Problem: Every entry in the listing below has to be given again exactly.

___ Task data

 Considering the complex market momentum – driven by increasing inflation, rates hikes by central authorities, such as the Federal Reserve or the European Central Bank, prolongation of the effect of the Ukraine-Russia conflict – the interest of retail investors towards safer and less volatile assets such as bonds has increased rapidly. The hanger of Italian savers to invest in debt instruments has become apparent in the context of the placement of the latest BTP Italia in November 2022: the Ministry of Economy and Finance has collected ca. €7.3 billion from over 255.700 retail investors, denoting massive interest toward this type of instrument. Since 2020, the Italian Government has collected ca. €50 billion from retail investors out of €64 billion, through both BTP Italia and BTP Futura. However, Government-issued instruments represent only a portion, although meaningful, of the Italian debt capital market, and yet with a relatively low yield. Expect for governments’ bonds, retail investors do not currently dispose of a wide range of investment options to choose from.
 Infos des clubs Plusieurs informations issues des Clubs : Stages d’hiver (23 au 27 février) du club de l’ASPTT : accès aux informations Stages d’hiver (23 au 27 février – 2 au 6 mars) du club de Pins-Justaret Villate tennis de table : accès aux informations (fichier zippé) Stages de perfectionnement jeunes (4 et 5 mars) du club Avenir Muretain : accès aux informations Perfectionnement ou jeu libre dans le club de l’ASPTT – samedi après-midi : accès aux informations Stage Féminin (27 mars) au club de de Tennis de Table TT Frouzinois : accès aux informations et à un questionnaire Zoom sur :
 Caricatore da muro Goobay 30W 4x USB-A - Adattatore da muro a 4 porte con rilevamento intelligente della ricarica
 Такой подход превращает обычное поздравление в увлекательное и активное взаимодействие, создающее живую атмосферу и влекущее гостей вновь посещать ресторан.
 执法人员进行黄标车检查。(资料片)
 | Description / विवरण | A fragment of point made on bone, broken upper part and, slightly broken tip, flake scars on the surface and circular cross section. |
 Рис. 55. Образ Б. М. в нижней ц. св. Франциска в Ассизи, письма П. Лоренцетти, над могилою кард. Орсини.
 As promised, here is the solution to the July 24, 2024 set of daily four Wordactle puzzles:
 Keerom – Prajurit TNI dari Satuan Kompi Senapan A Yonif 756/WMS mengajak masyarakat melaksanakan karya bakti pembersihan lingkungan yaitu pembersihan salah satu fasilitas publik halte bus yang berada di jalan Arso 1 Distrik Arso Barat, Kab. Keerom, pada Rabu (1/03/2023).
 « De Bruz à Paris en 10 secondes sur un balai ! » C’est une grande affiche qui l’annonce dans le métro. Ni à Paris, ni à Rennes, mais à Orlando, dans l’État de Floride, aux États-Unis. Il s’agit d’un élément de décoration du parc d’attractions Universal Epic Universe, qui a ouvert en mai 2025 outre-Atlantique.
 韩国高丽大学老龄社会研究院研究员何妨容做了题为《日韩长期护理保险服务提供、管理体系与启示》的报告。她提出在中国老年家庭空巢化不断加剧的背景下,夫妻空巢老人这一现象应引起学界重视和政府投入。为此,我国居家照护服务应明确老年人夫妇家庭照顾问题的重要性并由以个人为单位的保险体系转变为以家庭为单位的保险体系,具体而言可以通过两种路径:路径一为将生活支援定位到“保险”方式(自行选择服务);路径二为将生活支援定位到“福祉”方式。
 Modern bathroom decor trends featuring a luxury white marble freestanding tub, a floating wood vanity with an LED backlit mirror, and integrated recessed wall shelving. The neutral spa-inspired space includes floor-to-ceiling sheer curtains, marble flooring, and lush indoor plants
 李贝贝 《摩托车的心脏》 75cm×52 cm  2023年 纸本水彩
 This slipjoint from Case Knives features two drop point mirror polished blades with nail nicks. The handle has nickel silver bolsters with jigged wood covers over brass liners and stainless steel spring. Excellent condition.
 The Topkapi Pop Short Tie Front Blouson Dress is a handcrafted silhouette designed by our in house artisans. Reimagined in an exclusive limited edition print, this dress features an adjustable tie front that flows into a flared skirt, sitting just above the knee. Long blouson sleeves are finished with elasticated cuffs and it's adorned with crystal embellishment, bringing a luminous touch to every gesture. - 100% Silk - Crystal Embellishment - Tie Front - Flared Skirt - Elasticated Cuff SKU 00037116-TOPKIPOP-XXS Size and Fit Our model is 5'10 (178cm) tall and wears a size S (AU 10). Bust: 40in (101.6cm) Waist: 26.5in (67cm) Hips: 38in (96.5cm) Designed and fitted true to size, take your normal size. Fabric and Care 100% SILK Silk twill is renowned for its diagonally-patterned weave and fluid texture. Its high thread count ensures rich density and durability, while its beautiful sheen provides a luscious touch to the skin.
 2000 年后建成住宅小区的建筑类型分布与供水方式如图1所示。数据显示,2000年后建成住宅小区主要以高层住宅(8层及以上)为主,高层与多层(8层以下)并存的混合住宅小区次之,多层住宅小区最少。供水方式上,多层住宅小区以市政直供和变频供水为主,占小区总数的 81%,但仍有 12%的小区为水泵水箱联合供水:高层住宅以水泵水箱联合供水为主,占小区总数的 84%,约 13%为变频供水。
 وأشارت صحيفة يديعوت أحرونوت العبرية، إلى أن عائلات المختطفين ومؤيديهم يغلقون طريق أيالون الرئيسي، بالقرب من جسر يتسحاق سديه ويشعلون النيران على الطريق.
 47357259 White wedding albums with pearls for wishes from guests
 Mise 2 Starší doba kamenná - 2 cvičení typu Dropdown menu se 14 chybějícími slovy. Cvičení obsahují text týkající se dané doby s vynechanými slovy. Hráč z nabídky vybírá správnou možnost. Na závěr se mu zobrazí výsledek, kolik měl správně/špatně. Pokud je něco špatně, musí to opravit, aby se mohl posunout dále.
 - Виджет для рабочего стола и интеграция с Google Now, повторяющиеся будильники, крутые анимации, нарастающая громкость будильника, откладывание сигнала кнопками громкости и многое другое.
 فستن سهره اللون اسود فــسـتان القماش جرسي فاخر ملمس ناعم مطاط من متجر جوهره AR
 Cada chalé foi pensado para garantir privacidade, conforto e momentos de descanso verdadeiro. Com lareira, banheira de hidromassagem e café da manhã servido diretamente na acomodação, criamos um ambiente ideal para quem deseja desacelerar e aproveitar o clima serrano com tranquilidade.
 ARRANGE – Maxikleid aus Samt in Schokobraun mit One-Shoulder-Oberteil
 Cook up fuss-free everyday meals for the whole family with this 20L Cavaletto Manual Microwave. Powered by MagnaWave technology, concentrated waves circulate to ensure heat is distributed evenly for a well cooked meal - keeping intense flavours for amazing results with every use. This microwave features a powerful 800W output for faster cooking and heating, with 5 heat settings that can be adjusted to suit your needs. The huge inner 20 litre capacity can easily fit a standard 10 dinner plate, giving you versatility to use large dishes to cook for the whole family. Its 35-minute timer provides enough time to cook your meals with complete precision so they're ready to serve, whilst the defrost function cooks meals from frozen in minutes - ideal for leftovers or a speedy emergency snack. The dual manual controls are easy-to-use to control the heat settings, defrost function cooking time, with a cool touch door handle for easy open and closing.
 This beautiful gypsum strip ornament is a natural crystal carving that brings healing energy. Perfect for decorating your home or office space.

______

Expected answer:
 Considering the complex market momentum – driven by increasing inflation, rates hikes by central authorities, such as the Federal Reserve or the European Central Bank, prolongation of the effect of the Ukraine-Russia conflict – the interest of retail investors towards safer and less volatile assets such as bonds has increased rapidly. The hanger of Italian savers to invest in debt instruments has become apparent in the context of the placement of the latest BTP Italia in November 2022: the Ministry of Economy and Finance has collected ca. €7.3 billion from over 255.700 retail investors, denoting massive interest toward this type of instrument. Since 2020, the Italian Government has collected ca. €50 billion from retail investors out of €64 billion, through both BTP Italia and BTP Futura. However, Government-issued instruments represent only a portion, although meaningful, of the Italian debt capital market, and yet with a relatively low yield. Expect for governments’ bonds, retail investors do not currently dispose of a wide range of investment options to choose from.
 Infos des clubs Plusieurs informations issues des Clubs : Stages d’hiver (23 au 27 février) du club de l’ASPTT : accès aux informations Stages d’hiver (23 au 27 février – 2 au 6 mars) du club de Pins-Justaret Villate tennis de table : accès aux informations (fichier zippé) Stages de perfectionnement jeunes (4 et 5 mars) du club Avenir Muretain : accès aux informations Perfectionnement ou jeu libre dans le club de l’ASPTT – samedi après-midi : accès aux informations Stage Féminin (27 mars) au club de de Tennis de Table TT Frouzinois : accès aux informations et à un questionnaire Zoom sur :
 Caricatore da muro Goobay 30W 4x USB-A - Adattatore da muro a 4 porte con rilevamento intelligente della ricarica
 Такой подход превращает обычное поздравление в увлекательное и активное взаимодействие, создающее живую атмосферу и влекущее гостей вновь посещать ресторан.
 执法人员进行黄标车检查。(资料片)
 | Description / विवरण | A fragment of point made on bone, broken upper part and, slightly broken tip, flake scars on the surface and circular cross section. |
 Рис. 55. Образ Б. М. в нижней ц. св. Франциска в Ассизи, письма П. Лоренцетти, над могилою кард. Орсини.
 As promised, here is the solution to the July 24, 2024 set of daily four Wordactle puzzles:
 Keerom – Prajurit TNI dari Satuan Kompi Senapan A Yonif 756/WMS mengajak masyarakat melaksanakan karya bakti pembersihan lingkungan yaitu pembersihan salah satu fasilitas publik halte bus yang berada di jalan Arso 1 Distrik Arso Barat, Kab. Keerom, pada Rabu (1/03/2023).
 « De Bruz à Paris en 10 secondes sur un balai ! » C’est une grande affiche qui l’annonce dans le métro. Ni à Paris, ni à Rennes, mais à Orlando, dans l’État de Floride, aux États-Unis. Il s’agit d’un élément de décoration du parc d’attractions Universal Epic Universe, qui a ouvert en mai 2025 outre-Atlantique.
 韩国高丽大学老龄社会研究院研究员何妨容做了题为《日韩长期护理保险服务提供、管理体系与启示》的报告。她提出在中国老年家庭空巢化不断加剧的背景下,夫妻空巢老人这一现象应引起学界重视和政府投入。为此,我国居家照护服务应明确老年人夫妇家庭照顾问题的重要性并由以个人为单位的保险体系转变为以家庭为单位的保险体系,具体而言可以通过两种路径:路径一为将生活支援定位到“保险”方式(自行选择服务);路径二为将生活支援定位到“福祉”方式。
 Modern bathroom decor trends featuring a luxury white marble freestanding tub, a floating wood vanity with an LED backlit mirror, and integrated recessed wall shelving. The neutral spa-inspired space includes floor-to-ceiling sheer curtains, marble flooring, and lush indoor plants
 李贝贝 《摩托车的心脏》 75cm×52 cm  2023年 纸本水彩
 This slipjoint from Case Knives features two drop point mirror polished blades with nail nicks. The handle has nickel silver bolsters with jigged wood covers over brass liners and stainless steel spring. Excellent condition.
 The Topkapi Pop Short Tie Front Blouson Dress is a handcrafted silhouette designed by our in house artisans. Reimagined in an exclusive limited edition print, this dress features an adjustable tie front that flows into a flared skirt, sitting just above the knee. Long blouson sleeves are finished with elasticated cuffs and it's adorned with crystal embellishment, bringing a luminous touch to every gesture. - 100% Silk - Crystal Embellishment - Tie Front - Flared Skirt - Elasticated Cuff SKU 00037116-TOPKIPOP-XXS Size and Fit Our model is 5'10 (178cm) tall and wears a size S (AU 10). Bust: 40in (101.6cm) Waist: 26.5in (67cm) Hips: 38in (96.5cm) Designed and fitted true to size, take your normal size. Fabric and Care 100% SILK Silk twill is renowned for its diagonally-patterned weave and fluid texture. Its high thread count ensures rich density and durability, while its beautiful sheen provides a luscious touch to the skin.
 2000 年后建成住宅小区的建筑类型分布与供水方式如图1所示。数据显示,2000年后建成住宅小区主要以高层住宅(8层及以上)为主,高层与多层(8层以下)并存的混合住宅小区次之,多层住宅小区最少。供水方式上,多层住宅小区以市政直供和变频供水为主,占小区总数的 81%,但仍有 12%的小区为水泵水箱联合供水:高层住宅以水泵水箱联合供水为主,占小区总数的 84%,约 13%为变频供水。
 وأشارت صحيفة يديعوت أحرونوت العبرية، إلى أن عائلات المختطفين ومؤيديهم يغلقون طريق أيالون الرئيسي، بالقرب من جسر يتسحاق سديه ويشعلون النيران على الطريق.
 47357259 White wedding albums with pearls for wishes from guests
 Mise 2 Starší doba kamenná - 2 cvičení typu Dropdown menu se 14 chybějícími slovy. Cvičení obsahují text týkající se dané doby s vynechanými slovy. Hráč z nabídky vybírá správnou možnost. Na závěr se mu zobrazí výsledek, kolik měl správně/špatně. Pokud je něco špatně, musí to opravit, aby se mohl posunout dále.
 - Виджет для рабочего стола и интеграция с Google Now, повторяющиеся будильники, крутые анимации, нарастающая громкость будильника, откладывание сигнала кнопками громкости и многое другое.
 فستن سهره اللون اسود فــسـتان القماش جرسي فاخر ملمس ناعم مطاط من متجر جوهره AR
 Cada chalé foi pensado para garantir privacidade, conforto e momentos de descanso verdadeiro. Com lareira, banheira de hidromassagem e café da manhã servido diretamente na acomodação, criamos um ambiente ideal para quem deseja desacelerar e aproveitar o clima serrano com tranquilidade.
 ARRANGE – Maxikleid aus Samt in Schokobraun mit One-Shoulder-Oberteil
 Cook up fuss-free everyday meals for the whole family with this 20L Cavaletto Manual Microwave. Powered by MagnaWave technology, concentrated waves circulate to ensure heat is distributed evenly for a well cooked meal - keeping intense flavours for amazing results with every use. This microwave features a powerful 800W output for faster cooking and heating, with 5 heat settings that can be adjusted to suit your needs. The huge inner 20 litre capacity can easily fit a standard 10 dinner plate, giving you versatility to use large dishes to cook for the whole family. Its 35-minute timer provides enough time to cook your meals with complete precision so they're ready to serve, whilst the defrost function cooks meals from frozen in minutes - ideal for leftovers or a speedy emergency snack. The dual manual controls are easy-to-use to control the heat settings, defrost function cooking time, with a cool touch door handle for easy open and closing.
 This beautiful gypsum strip ornament is a natural crystal carving that brings healing energy. Perfect for decorating your home or office space.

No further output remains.